When copying the records below, omit any image and print everything else exactly.

○ ○ ○

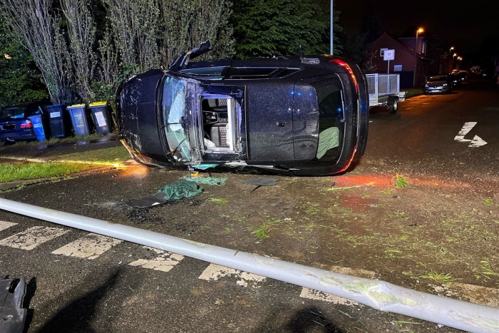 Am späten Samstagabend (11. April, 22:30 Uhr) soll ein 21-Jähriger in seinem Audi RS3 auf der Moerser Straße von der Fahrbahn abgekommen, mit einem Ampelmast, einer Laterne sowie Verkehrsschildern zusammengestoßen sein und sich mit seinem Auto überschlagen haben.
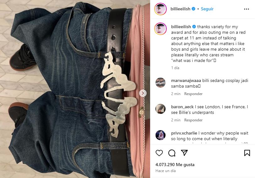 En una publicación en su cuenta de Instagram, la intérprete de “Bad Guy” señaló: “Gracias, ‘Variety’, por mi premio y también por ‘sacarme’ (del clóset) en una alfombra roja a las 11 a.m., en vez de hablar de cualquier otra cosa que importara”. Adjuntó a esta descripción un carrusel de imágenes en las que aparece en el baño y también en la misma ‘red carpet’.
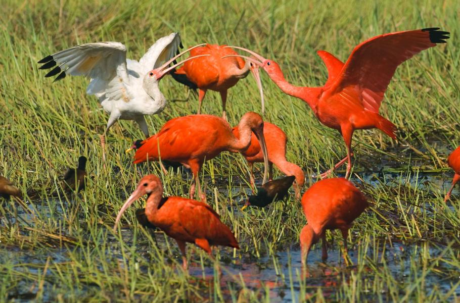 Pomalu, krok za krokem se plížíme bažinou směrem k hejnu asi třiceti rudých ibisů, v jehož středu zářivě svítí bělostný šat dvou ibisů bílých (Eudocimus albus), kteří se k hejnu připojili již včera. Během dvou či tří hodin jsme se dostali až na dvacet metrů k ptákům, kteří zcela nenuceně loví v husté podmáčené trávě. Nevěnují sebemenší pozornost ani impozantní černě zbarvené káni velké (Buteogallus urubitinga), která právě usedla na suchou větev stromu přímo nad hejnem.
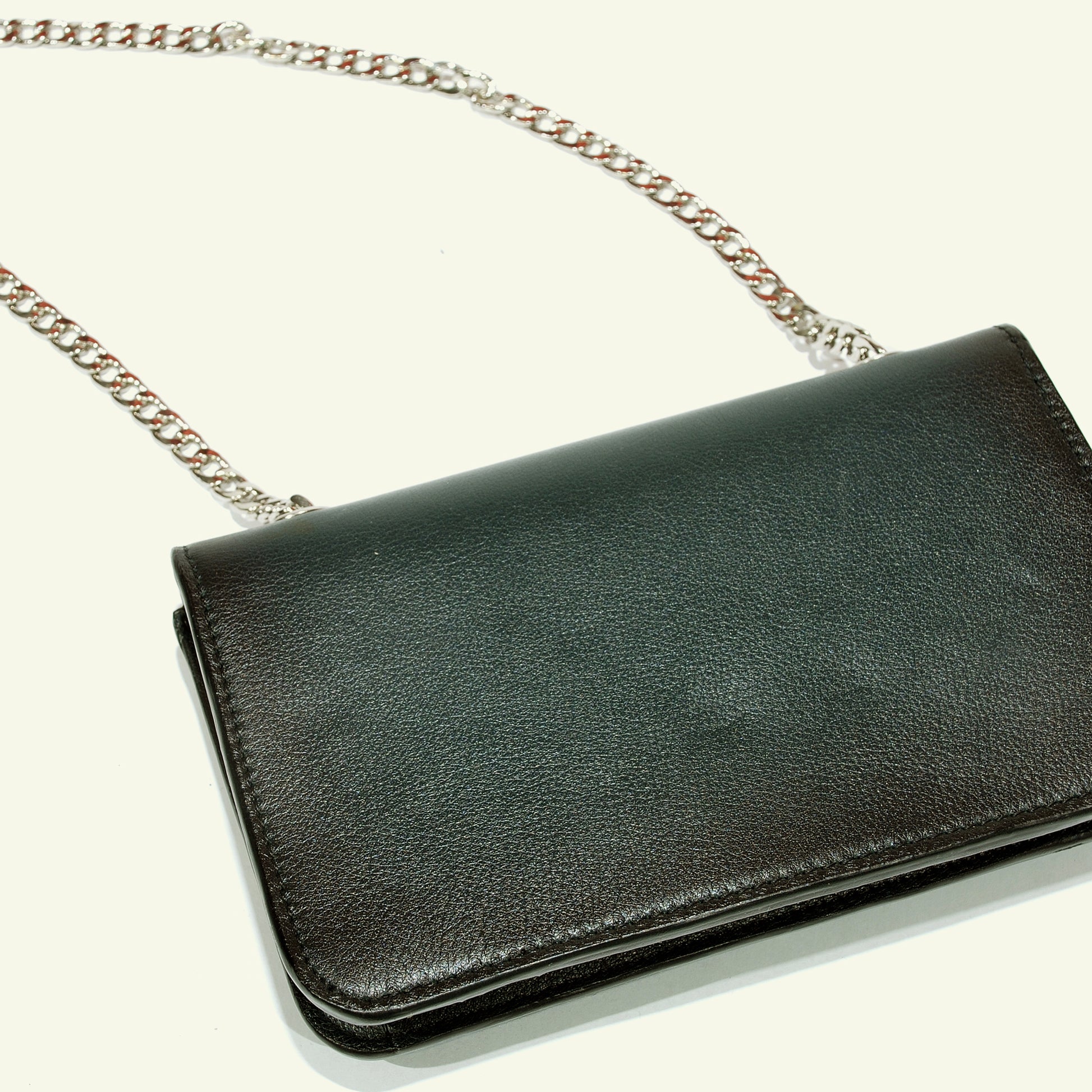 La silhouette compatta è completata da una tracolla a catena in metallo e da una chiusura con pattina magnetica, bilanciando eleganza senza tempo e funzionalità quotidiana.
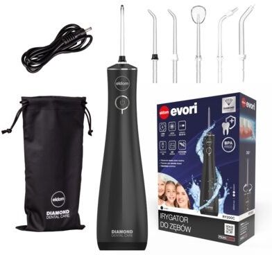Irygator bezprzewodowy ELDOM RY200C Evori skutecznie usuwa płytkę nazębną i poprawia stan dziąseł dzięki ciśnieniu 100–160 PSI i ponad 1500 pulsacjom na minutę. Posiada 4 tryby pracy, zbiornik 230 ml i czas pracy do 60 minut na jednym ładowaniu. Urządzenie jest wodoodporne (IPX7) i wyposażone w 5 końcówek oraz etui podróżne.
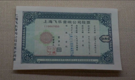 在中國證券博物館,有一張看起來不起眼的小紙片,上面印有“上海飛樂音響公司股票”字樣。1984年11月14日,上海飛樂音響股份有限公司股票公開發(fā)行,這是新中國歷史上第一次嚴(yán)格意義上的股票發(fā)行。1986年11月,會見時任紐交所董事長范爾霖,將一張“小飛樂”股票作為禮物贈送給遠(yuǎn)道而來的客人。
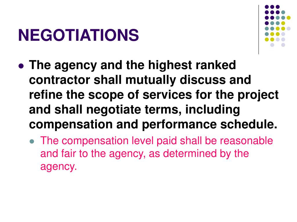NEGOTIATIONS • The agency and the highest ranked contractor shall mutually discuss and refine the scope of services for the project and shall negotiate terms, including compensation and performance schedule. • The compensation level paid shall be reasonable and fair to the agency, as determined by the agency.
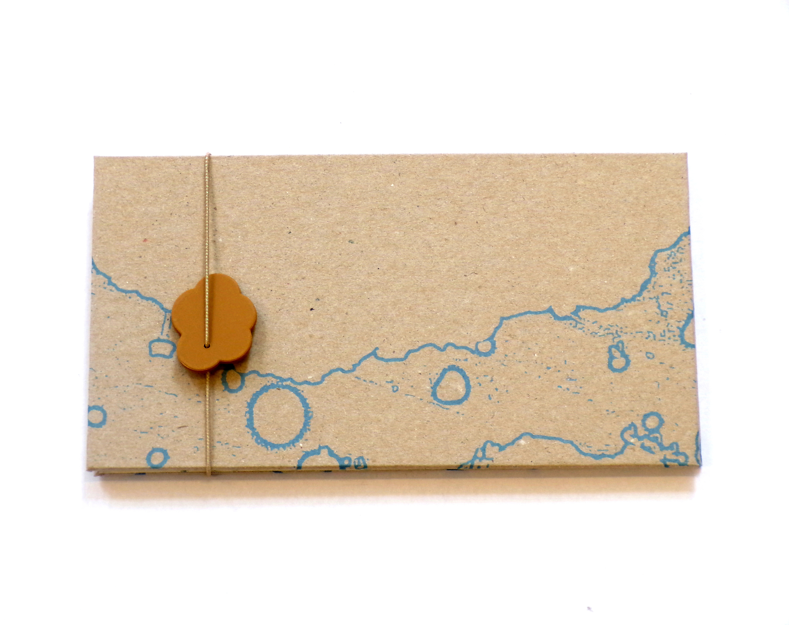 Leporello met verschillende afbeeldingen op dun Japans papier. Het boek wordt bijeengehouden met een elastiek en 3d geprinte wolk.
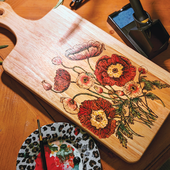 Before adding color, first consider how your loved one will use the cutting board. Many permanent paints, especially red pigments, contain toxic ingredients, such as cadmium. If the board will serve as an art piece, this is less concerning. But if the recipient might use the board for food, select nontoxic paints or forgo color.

○ ○ ○

THE ANSWER:
 Am späten Samstagabend (11. April, 22:30 Uhr) soll ein 21-Jähriger in seinem Audi RS3 auf der Moerser Straße von der Fahrbahn abgekommen, mit einem Ampelmast, einer Laterne sowie Verkehrsschildern zusammengestoßen sein und sich mit seinem Auto überschlagen haben.
 En una publicación en su cuenta de Instagram, la intérprete de “Bad Guy” señaló: “Gracias, ‘Variety’, por mi premio y también por ‘sacarme’ (del clóset) en una alfombra roja a las 11 a.m., en vez de hablar de cualquier otra cosa que importara”. Adjuntó a esta descripción un carrusel de imágenes en las que aparece en el baño y también en la misma ‘red carpet’.
 Pomalu, krok za krokem se plížíme bažinou směrem k hejnu asi třiceti rudých ibisů, v jehož středu zářivě svítí bělostný šat dvou ibisů bílých (Eudocimus albus), kteří se k hejnu připojili již včera. Během dvou či tří hodin jsme se dostali až na dvacet metrů k ptákům, kteří zcela nenuceně loví v husté podmáčené trávě. Nevěnují sebemenší pozornost ani impozantní černě zbarvené káni velké (Buteogallus urubitinga), která právě usedla na suchou větev stromu přímo nad hejnem.
 La silhouette compatta è completata da una tracolla a catena in metallo e da una chiusura con pattina magnetica, bilanciando eleganza senza tempo e funzionalità quotidiana.
Irygator bezprzewodowy ELDOM RY200C Evori skutecznie usuwa płytkę nazębną i poprawia stan dziąseł dzięki ciśnieniu 100–160 PSI i ponad 1500 pulsacjom na minutę. Posiada 4 tryby pracy, zbiornik 230 ml i czas pracy do 60 minut na jednym ładowaniu. Urządzenie jest wodoodporne (IPX7) i wyposażone w 5 końcówek oraz etui podróżne.
 在中國證券博物館,有一張看起來不起眼的小紙片,上面印有“上海飛樂音響公司股票”字樣。1984年11月14日,上海飛樂音響股份有限公司股票公開發(fā)行,這是新中國歷史上第一次嚴(yán)格意義上的股票發(fā)行。1986年11月,會見時任紐交所董事長范爾霖,將一張“小飛樂”股票作為禮物贈送給遠(yuǎn)道而來的客人。
NEGOTIATIONS • The agency and the highest ranked contractor shall mutually discuss and refine the scope of services for the project and shall negotiate terms, including compensation and performance schedule. • The compensation level paid shall be reasonable and fair to the agency, as determined by the agency.
 Leporello met verschillende afbeeldingen op dun Japans papier. Het boek wordt bijeengehouden met een elastiek en 3d geprinte wolk.
 Before adding color, first consider how your loved one will use the cutting board. Many permanent paints, especially red pigments, contain toxic ingredients, such as cadmium. If the board will serve as an art piece, this is less concerning. But if the recipient might use the board for food, select nontoxic paints or forgo color.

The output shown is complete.